Published online by Cambridge University Press: 13 April 2023
This collection of chapters is about analyzing what is distinctly European about the nature of white-collar and corporate crimes in Europe. The chapters in the book put forward European perspectives on white-collar and corporate crimes, exploring the dynamics and tensions related to white-collar crimes that exist within and between the nation-states of Europe, and with the institutions of the European region. By speaking to the common theme of what is ‘European’ about the realities of white-collar crimes in Europe, the chapters encourage and engage in cross-European dialogue and collaboration as they seek to put forward key provocations about how we can better understand and examine the intricacies of associated offending and its control.
While having been coined in North American criminology, the origins of the concepts of white-collar and corporate crime lie in European criminology, in the work of Willem Bonger (1905; see also Hebberecht, 2015).

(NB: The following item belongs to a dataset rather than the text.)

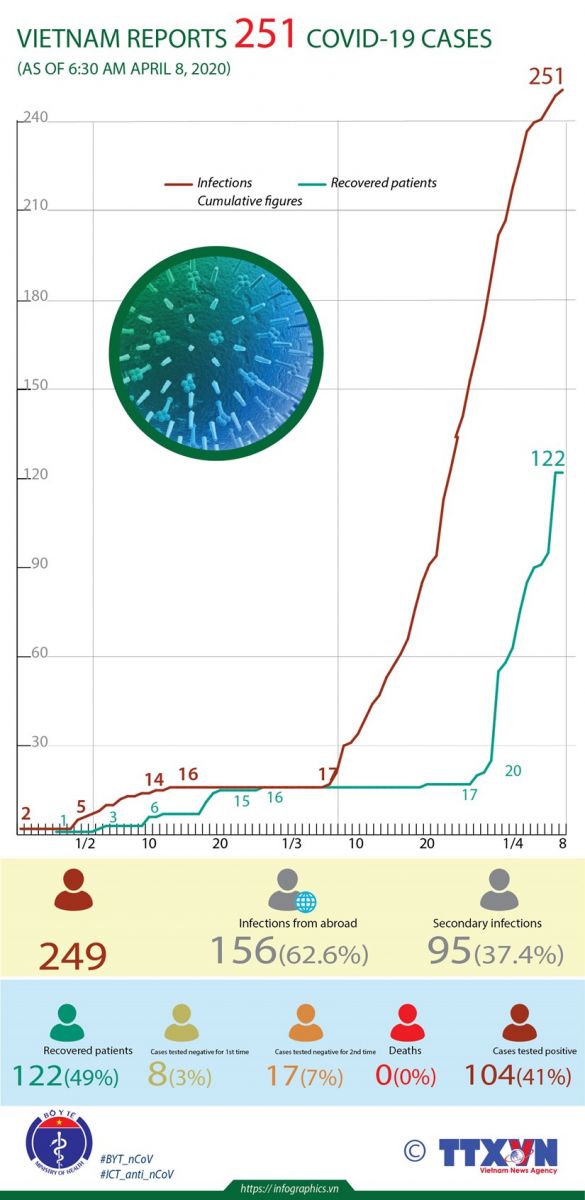 As of 6:30 am on April 8, Vietnam has reported 251 Covid-19 cases.

These concepts are themselves contested and ambiguous, and this collection reflects the diversity of framings that exist in the academic literature, though more often than not the chapters foreground the duplicitous behaviours of business and political ‘elites’, including individuals and organizations, who often operate at the transnational level and in some way abuse their occupational and organizational positions while presenting an ostensibly legitimate exterior to society more widely. And, even without academic definition and conceptualization, in modern history, white-collar crime is a European ‘invention’, intrinsically linked to the introduction of the modern corporation, such as the Dutch East India Company and the British East India Company (Huisman et al, 2015).

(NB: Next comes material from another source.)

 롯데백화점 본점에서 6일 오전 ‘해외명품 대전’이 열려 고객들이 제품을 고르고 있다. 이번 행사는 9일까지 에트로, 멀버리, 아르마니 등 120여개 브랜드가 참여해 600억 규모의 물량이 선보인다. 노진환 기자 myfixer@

But what is meant by ‘Europe’, or ‘European’? As a specified geographical region, is Europe in itself an appropriate unit of analysis for white-collar and corporate crime research? Borders change over time of course, but the continent of Europe represents a culturally rich and diverse set of nation-states that present a fertile ground for comparative empirical investigation and theory building over time. Often associated with Europe are the institutions of the European Union (EU) (that is, the European Parliament, the European Council, the European Commission and so on) and its conventions, directives, legal frameworks and policies that permeate from the supranational level down to individual member states. But is the EU an appropriate unit of analysis? Is this political and economic union representative of European perspectives?